# Old Friend (Very Old)



## tercar (Jan 17, 2006)

I am searching for an old school friend named Michael Calway. We were at Trinity House Navigation School, Hull, Class of 1946. I left in 1949, but Mike went on to 1950, then joined a ship called Sulima as a cadet.
If anyone has any information of Mike or the ship it would be much appreciated.

Regards


Terry


----------



## Hugh MacLean (Nov 18, 2005)

Hello Terry,

I can't help with your friend but here is something on the Sulima.

Elder Dempster Line

Sulima (2) Built 1948. 4,810 tons. 1965 transferred to Guinea Gulf Line, renamed Mano, 1967 sold to Greece, renamed Anna F.

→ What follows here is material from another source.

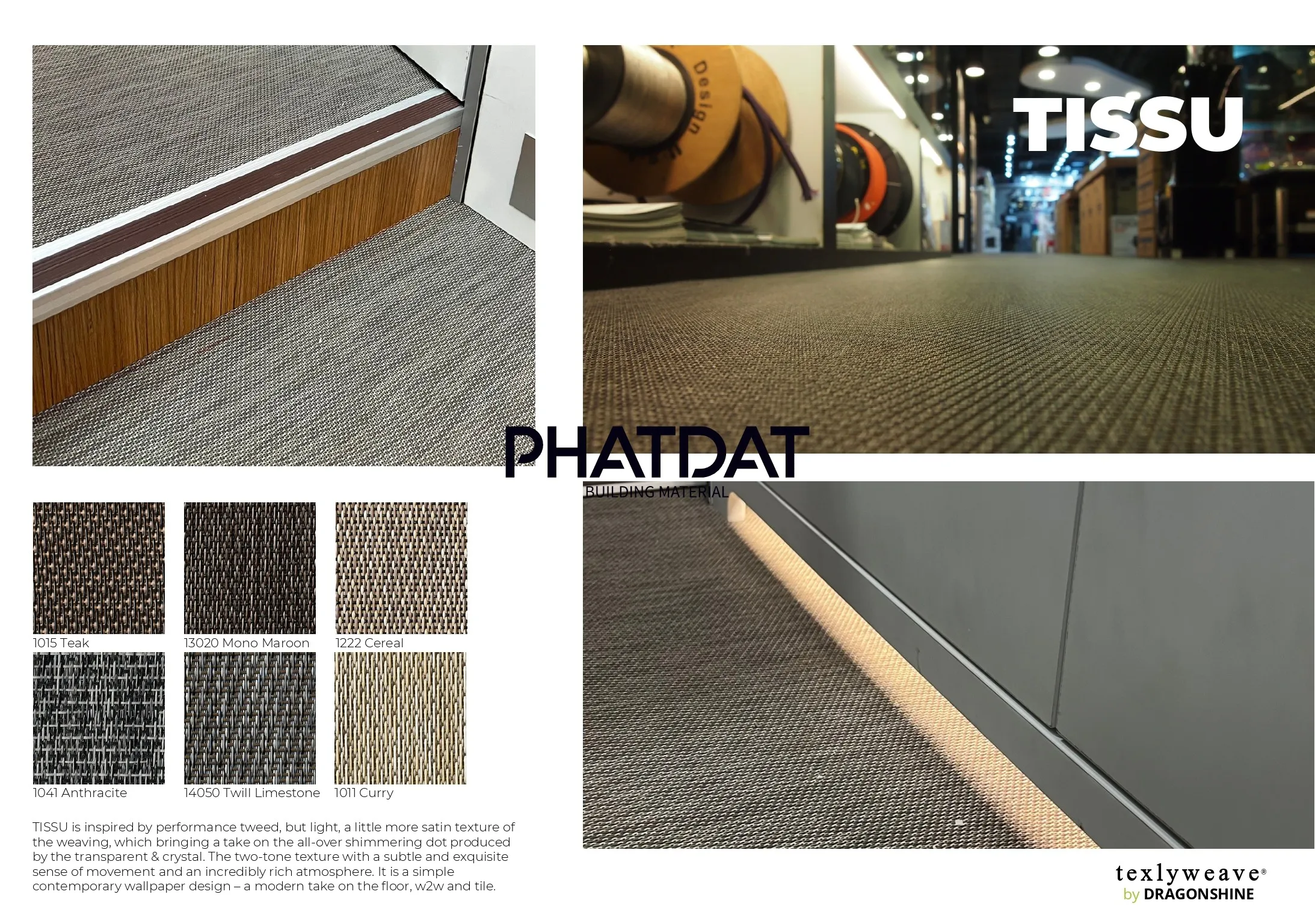 Sàn Vinyl Woven Texlyweave dòng Tissue nổi bật với kết cấu bề mặt dệt mịn nhẹ, tạo cảm giác ấm áp và tinh tế cho không gian sống và làm việc. Điểm khác biệt của dòng Tissue là tính linh hoạt trong quy cách – có thể lựa chọn dạng cuộn trải toàn phòng hoặc tấm module để dễ dàng thi công và thay thế theo từng công trình.

Good luck with your search.

Rgds


----------



## tercar (Jan 17, 2006)

Hi Hugh,
Many thanks for the information. Its a good starting point

Regards

Terry


----------



## R58484956 (Apr 19, 2004)

MV Sulima 4810 tons Built 1948 by Scotts Shipbuilding & Eng; Co Ltd. 392.3 x 57.2 x 20.7. 4 cyl diesel built by the shipbuilders. DF,ESD, GyC, Radar. 3 masts. Registered liverpol, British flag. Code flags GYGN. Cruiser stern.


----------



## eldersuk (Oct 24, 2005)

I presume this to be Mike Jackson-Calway ex Elder Dempster mate.
He emmigrated to Australia some years ago and eventually became head honcho in the Australian search & rescue organisation. I think this is roughly equivalent to our coastguard. He was heavily involved in the rescue of the single handed yachtsman Tony Bullimore.
He moved address about a year ago and unfortunately I don't have his new address.

Derek


----------



## tercar (Jan 17, 2006)

Thanks Derek,
I may be able to enlist help from relatives out there.
Do you still have his old address?

Terry


----------



## eldersuk (Oct 24, 2005)

Terry,

Will send address by PM
Derek


----------